Now add the data from rows 30 through 36 to the existing data, as shown below.
To apply the query steps to the new data, select Data > Queries & Connections > Refresh All. Bang! You get a new result, as shown below.
You’ve just seen three ways to find the same information using various Excel tools. Which one is best? The answer depends on your context. You have to understand your complete need and determine what you are comfortable with. Let’s review:
PEELING, PARSING, AND SEGMENTING
This section looks at the classic problems involved in separating bits of data that are stuck together—a task sometimes referred to as parsing strings of text.
Extracting the First Name (Using Flash Fill)
Parsing strings of text can be a nightmare. For example, say that you have people’s names and cities all in one column, as shown below.
Now suppose you’re having an event and would like to print nametags that have each person’s first name in ALL CAPS. To make that happen, you have to parse the data to get those first names out of the first column.
The details in the first column are separated by commas. Note, though, that rows 6 and 9 have additional commas, which complicates the situation. If you tried to use Excel’s Text-to-Column feature here, it would create a mess for you—and more work—because it would separate the data at every comma and put Jr. and CFP into a column with the first names. This is the first of two reasons you don’t want to use Text-to-Column here.
The second reason you don’t want to use Text-to-Columns in this case is that Flash Fill can help you do the job much more easily. However, with Flash Fill, you have to think ahead.

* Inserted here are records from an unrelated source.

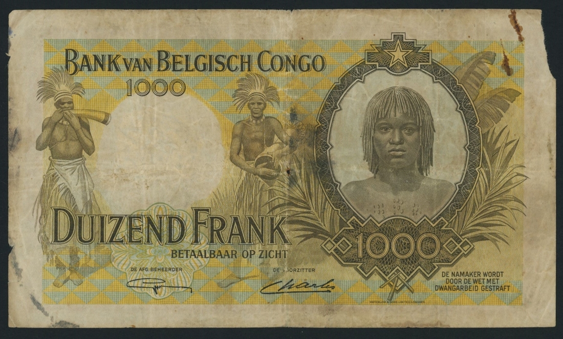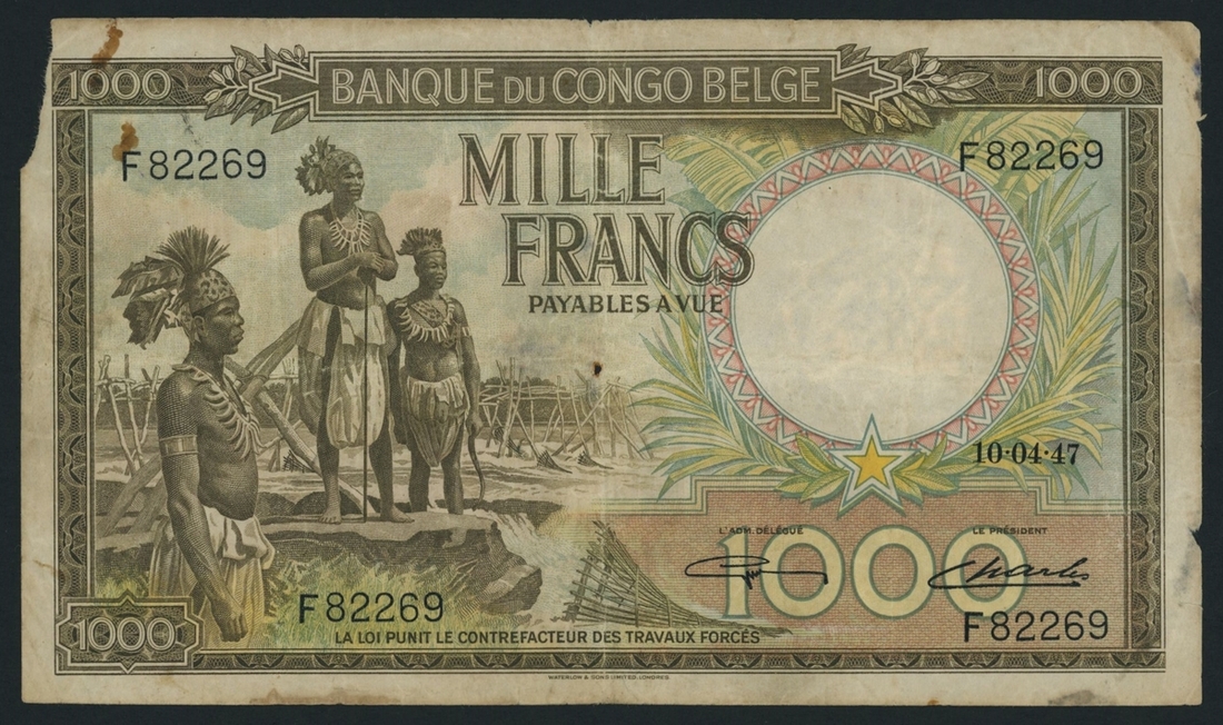 (x) Banque du Congo Belge, 1000 Francs, 10th April 1947, serial number F 82269, (Pick 19b), piece missing from upper left corner, a few minor pieces missing from top and right margin and internal tear at centre, ink, stains and some rust, otherwise about fine
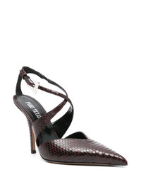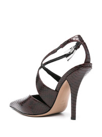 105mm Laila pumps Highlights - Bordeaux red - Buckle-fastening ankle strap - Stiletto heel - Branded insole - Embossed crocodile effect Made in Italy Composition Sole: Calf Leather 100%, Rubber 100% Outer: Calf Leather 100% Lining: Calf Leather 100% SIZE & FIT Measurement HEEL 4.33 in(11 cm)
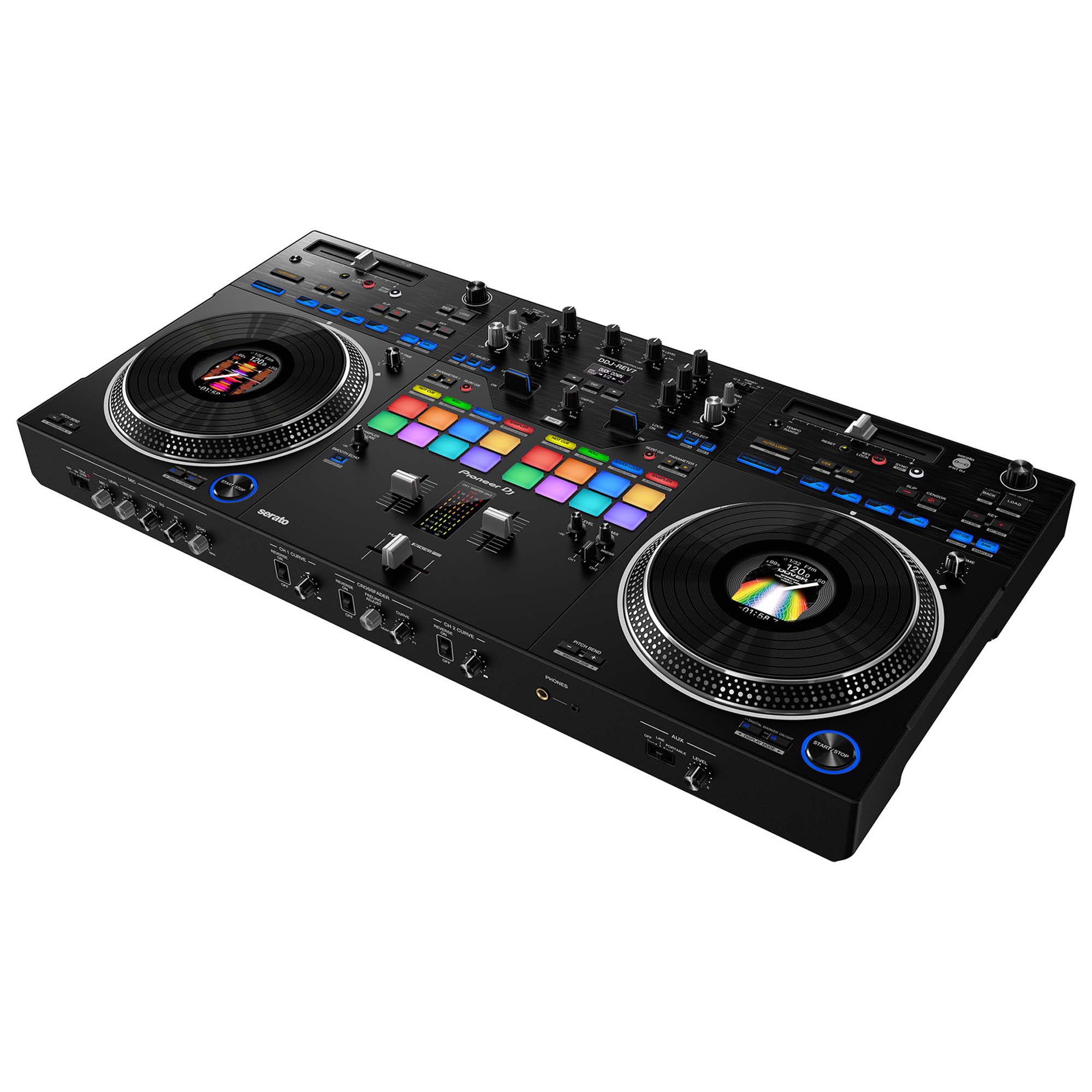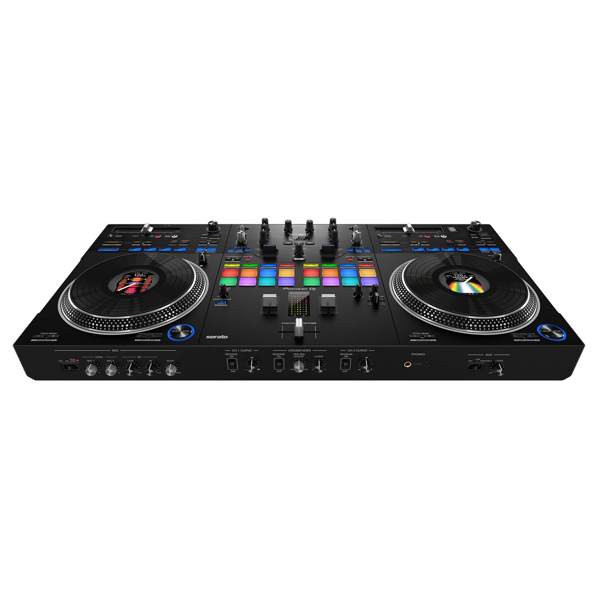 The Pioneer DDJ-REV7 model is designed to maximize the potential of the Serato DJ Pro software. The controller features a completely new design, including large jog wheels with electric drive and displays to provide tactile connection between you and the music. The layout of this 2-channel controller recreates the DJM-S mixer module + PLX turntable with special open-format and scratching functions for DJs.
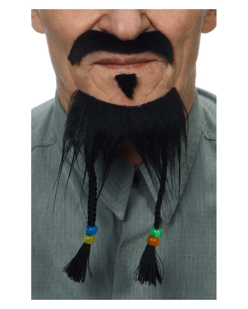 Das schwarze 3-teilige Bart Set besteht aus Ober- und Unterlippenbart sowie einem Kinnbart. Am Kinnbart befinden sich zwei geflochtene Zöpfe, an deren Ende je zwei bunte Perlen festgemacht sind. Alle Bärte lassen sich ganz einfach mit der hinten angebrachten medizinischen Pflasterfolie auf die Haut kleben. Die im Allgemeinen sehr gut verträgliche Pflasterfolie sorgt bei jedem Bart für einen guten Halt. Die Bärte sind aus weichem und sehr dichten Kunsthaar hergestellt und lassen sich immer wiederverwenden mithilfe von doppelseitigem Pflaster oder Mastix Hautkleber klein. Jeder Bart kann beliebig mit Wasser oder Haarwachs umgestylt und mit einer Schere zugeschnitten werden. Bestell dir jetzt das schicke schwarze 3-teilige Bart Set zum Aufkleben.

Because of the extra commas in rows 6 and 9, you have to do some extra training to help Flash Fill recognize the pattern.
You can start by typing in PHOEBE in C2. Then, as soon as you type A in C3, Flash Fill’s ghosting lets you know that it will give you the wrong results for rows 6 and 9.
To properly train Flash Fill, you can press Esc and type in CHUCK and HARRIET, as shown below.
Next, highlight the entire column where you want the final names to appear and choose Data > Data Tools > Flash Fill.
As you can see below, this does the trick, and you get exactly what you wanted!
Splitting by a Single Delimiter: Separating the City from the Name
Now, using the same data as for the nametag example, say that you need to separate the names from the cities. This would be easy enough to do with Flash Fill, but what if you’ll be adding more data to the list and need to repeat the parsing of the names from the cities? Two words: Power Query!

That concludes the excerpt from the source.